Copy the data exactly. Images are to be left out.

Records from a data collection
-=-=-

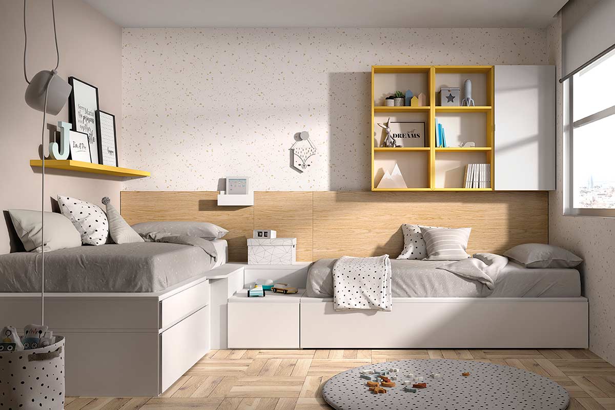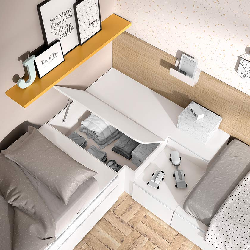Dos camas en L con arcones y cajones que facilitarán la administración del espacio de su habitación.
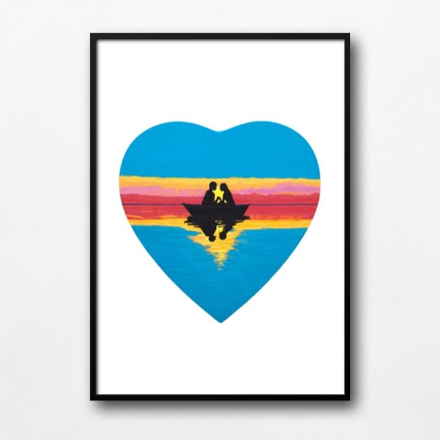 Featuring a man and woman on a boat, Summer Love captures a moment of warmth and romance. Printed on Epsom Somerset Velvet archival Fine Art paper with 13 chromatic pigment inks, this unframed print is available in A4 to A1 sizes and comes rolled in a sturdy cardboard tube.
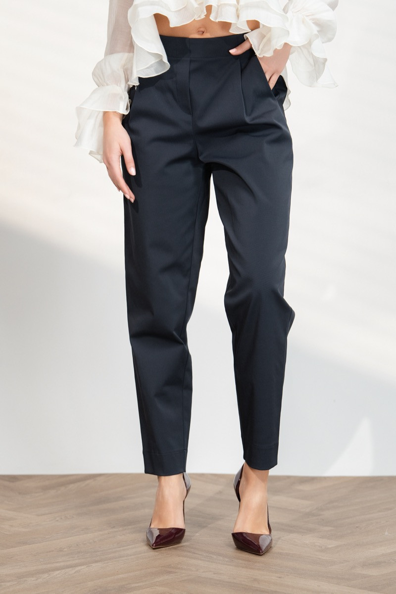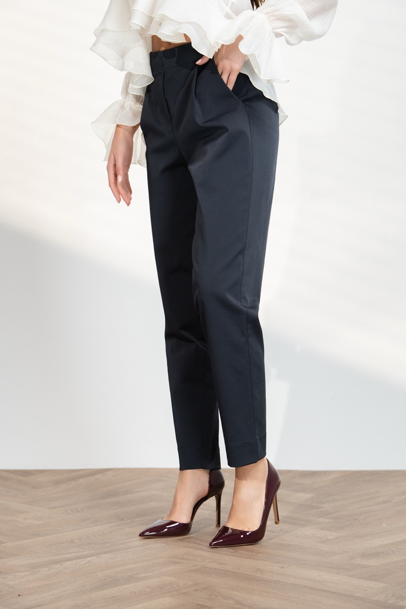 Елегантен дамски панталон с изчистена линия и модерна кройка, създаден да подчертава силуета и да осигурява комфорт през целия ден. Моделът е с висока талия и стилни ръбове по дължината на крачолите, които придават изискан и издължен вид на фигурата. Тъмносиният цвят го прави лесен за комбиниране както с елегантни ризи и блузи, така и с по-ежедневни топове за стилна градска визия.
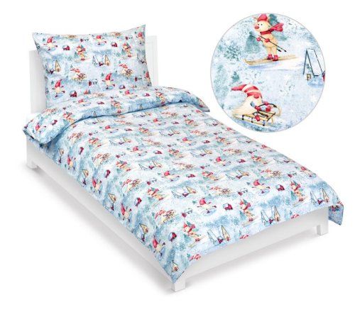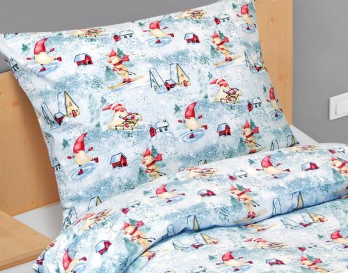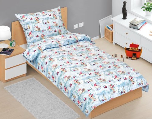 Obliečky detské - Vianoce - 140x200, 70x90 cm - Škriatok na korčuliach
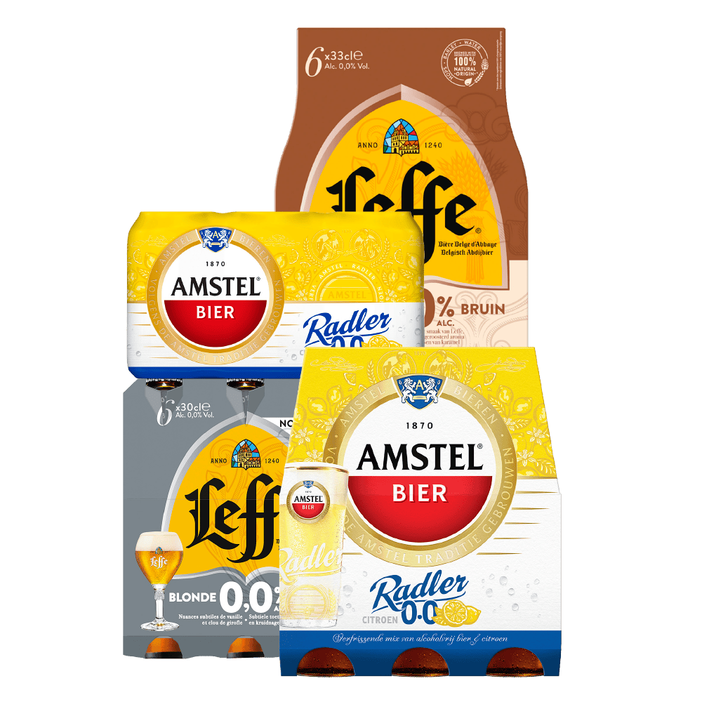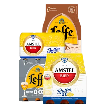 Bijv. Amstel Radler citroen 0.0%, 2 sets met 6 flesjes à 30 cl van 11.58 voor 5.79.
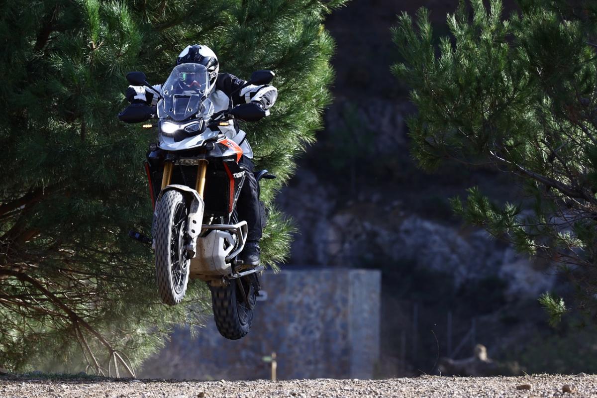 The suspension is also nicely set up, and while some might be wanting a sexy Swedish name on the fork tubes, I’m not sure it’d add anything to the experience. It’s fully adjustable for a start, and you have a lovely, progressive plushness in the front end that allows you to drive into the stroke of the fork by an inch or two, forcing the tyre into the dirt, sharpening up the front end and helping to manufacture some grip from the tyre. We even got to sample some jumps on the bike, and I can confirm that Tigger does indeed like to bounce! At the main adventure experience HQ, there is an expansive plateau, with fairly sizable climbs that lead up to the top. Hit one of these in first or second gear and the Tiger will not only fly but land in a controlled and almost graceful manner. It’s not something many riders will actually do with their Tiger, but like owning the watch that went to the moon, it’s nice to know that it can!
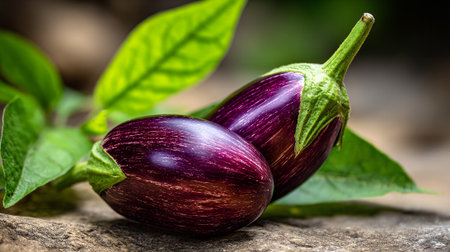 Vibrant Purple Eggplants Displayed on a Rustic Stone Surface with Green Leaves
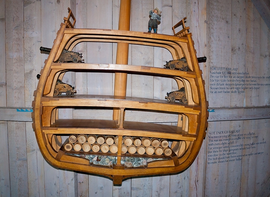 The Swedish warship Vasa. It sank in 1628 less than a mile into its maiden voyage and was recovered from the sea floor after 333 years almost completely intact.
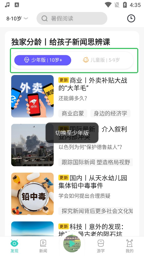 3软件中设有专属的分龄儿童新闻思辨课程,能依据孩子的年龄阶段灵活调整内容。
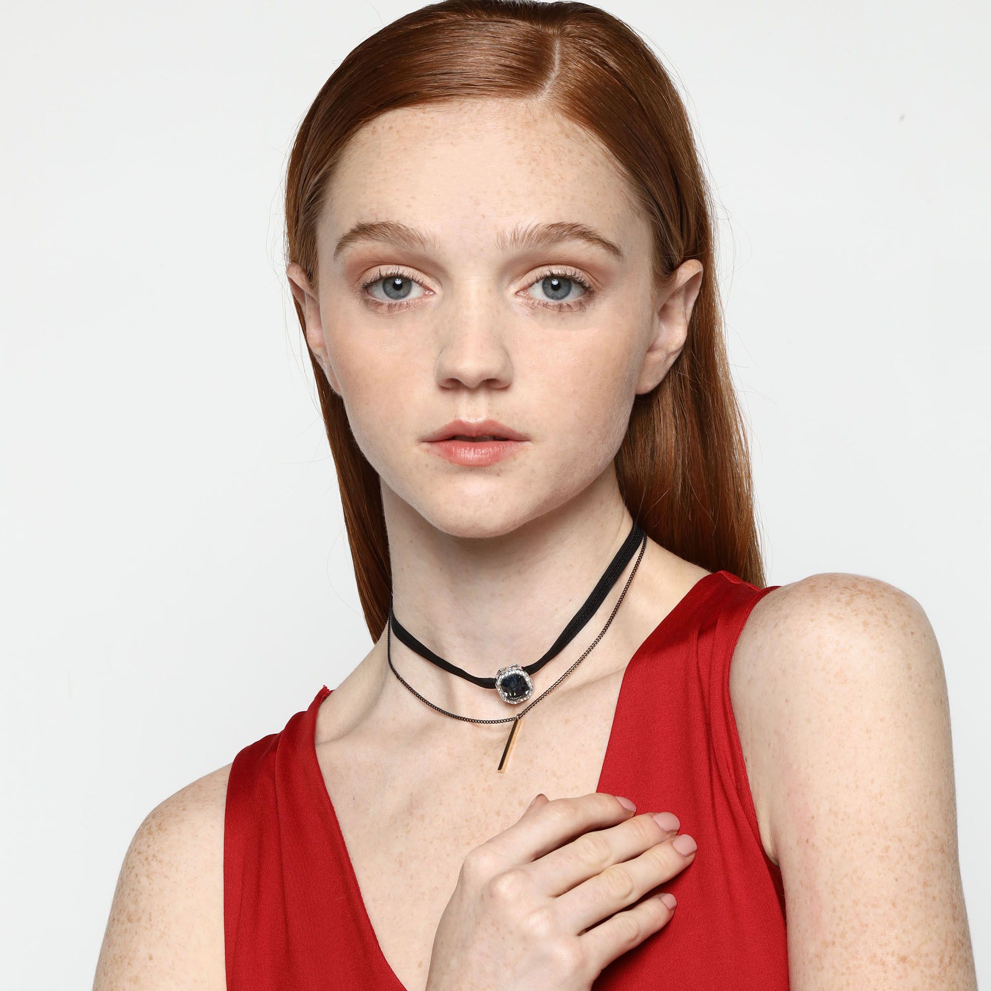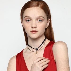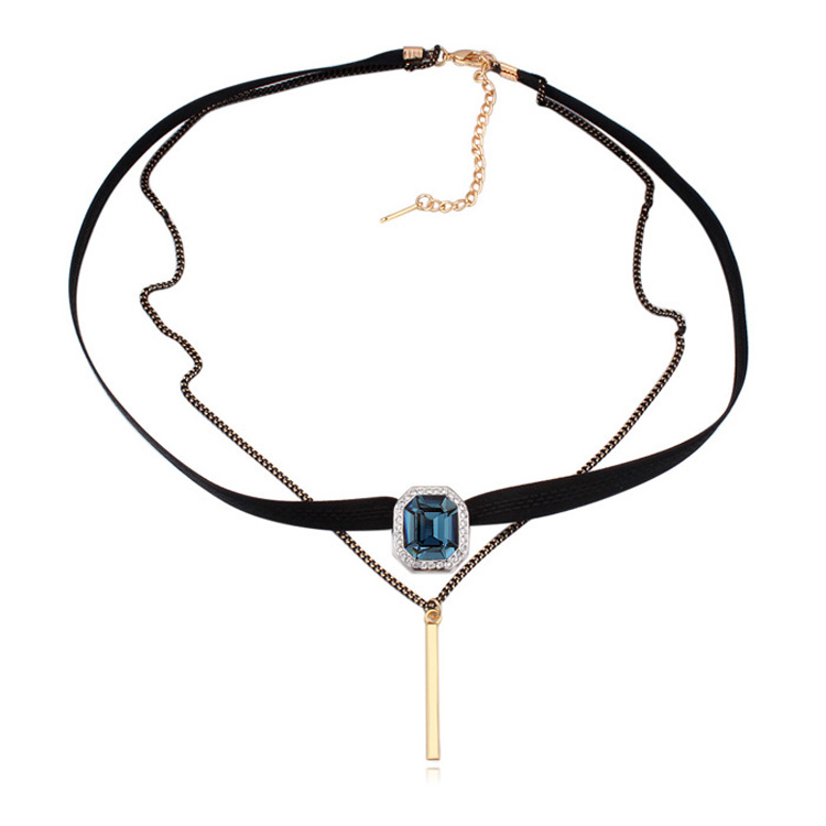 Gargantilla color negro, con detalles en baño de oro amarillo de 18 quilates, cristal azul corte esmeralda e incrustaciones de cristales blancos . Fabricado en una estructura de aleación de platino con rodio sin níquel 1. joyería Hipoalergénica. 2. Incluye cajita de joyería. 3. Garantía de 30 días por defectos de fabrica.
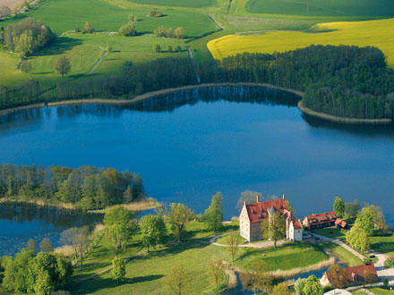 Luftaufnahme des Hotels Schloss UlrichshusenIdyllisch am "hauseigenen" Ulrichshusener See gelegen liegt das Hotel-Schloss der Familie von Maltzahn. Das Hotel-Schloss und die große Konzertscheune bilden auch den Mittelpunkt der jährlichen "Festspiele-Mecklenburg-Vorpommern" mit vielen Veranstaltungen um Kultur und Genüsse
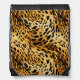 This drawstring backpack is shown in a cute black and tan multi color animal print.
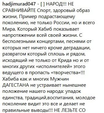 При этом пользователь с ником hadjimurad047 призвал не сравнивать пропагандируемый Хабибом Нурмагомедовым здоровый образ жизни с тем, о чем поют в своих песнях современные популярные исполнители.
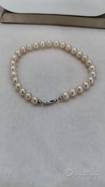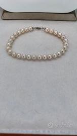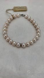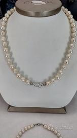 collana e bracciale in perle con inserti in oro bianco

-=-=-

● **Answer to this task**
Dos camas en L con arcones y cajones que facilitarán la administración del espacio de su habitación.
 Featuring a man and woman on a boat, Summer Love captures a moment of warmth and romance. Printed on Epsom Somerset Velvet archival Fine Art paper with 13 chromatic pigment inks, this unframed print is available in A4 to A1 sizes and comes rolled in a sturdy cardboard tube.
 Елегантен дамски панталон с изчистена линия и модерна кройка, създаден да подчертава силуета и да осигурява комфорт през целия ден. Моделът е с висока талия и стилни ръбове по дължината на крачолите, които придават изискан и издължен вид на фигурата. Тъмносиният цвят го прави лесен за комбиниране както с елегантни ризи и блузи, така и с по-ежедневни топове за стилна градска визия.
 Obliečky detské - Vianoce - 140x200, 70x90 cm - Škriatok na korčuliach
 Bijv. Amstel Radler citroen 0.0%, 2 sets met 6 flesjes à 30 cl van 11.58 voor 5.79.
 The suspension is also nicely set up, and while some might be wanting a sexy Swedish name on the fork tubes, I’m not sure it’d add anything to the experience. It’s fully adjustable for a start, and you have a lovely, progressive plushness in the front end that allows you to drive into the stroke of the fork by an inch or two, forcing the tyre into the dirt, sharpening up the front end and helping to manufacture some grip from the tyre. We even got to sample some jumps on the bike, and I can confirm that Tigger does indeed like to bounce! At the main adventure experience HQ, there is an expansive plateau, with fairly sizable climbs that lead up to the top. Hit one of these in first or second gear and the Tiger will not only fly but land in a controlled and almost graceful manner. It’s not something many riders will actually do with their Tiger, but like owning the watch that went to the moon, it’s nice to know that it can!
 Vibrant Purple Eggplants Displayed on a Rustic Stone Surface with Green Leaves
 The Swedish warship Vasa. It sank in 1628 less than a mile into its maiden voyage and was recovered from the sea floor after 333 years almost completely intact.
 3软件中设有专属的分龄儿童新闻思辨课程,能依据孩子的年龄阶段灵活调整内容。
 Gargantilla color negro, con detalles en baño de oro amarillo de 18 quilates, cristal azul corte esmeralda e incrustaciones de cristales blancos . Fabricado en una estructura de aleación de platino con rodio sin níquel 1. joyería Hipoalergénica. 2. Incluye cajita de joyería. 3. Garantía de 30 días por defectos de fabrica.
 Luftaufnahme des Hotels Schloss UlrichshusenIdyllisch am "hauseigenen" Ulrichshusener See gelegen liegt das Hotel-Schloss der Familie von Maltzahn. Das Hotel-Schloss und die große Konzertscheune bilden auch den Mittelpunkt der jährlichen "Festspiele-Mecklenburg-Vorpommern" mit vielen Veranstaltungen um Kultur und Genüsse
 This drawstring backpack is shown in a cute black and tan multi color animal print.
 При этом пользователь с ником hadjimurad047 призвал не сравнивать пропагандируемый Хабибом Нурмагомедовым здоровый образ жизни с тем, о чем поют в своих песнях современные популярные исполнители.
 collana e bracciale in perle con inserti in oro bianco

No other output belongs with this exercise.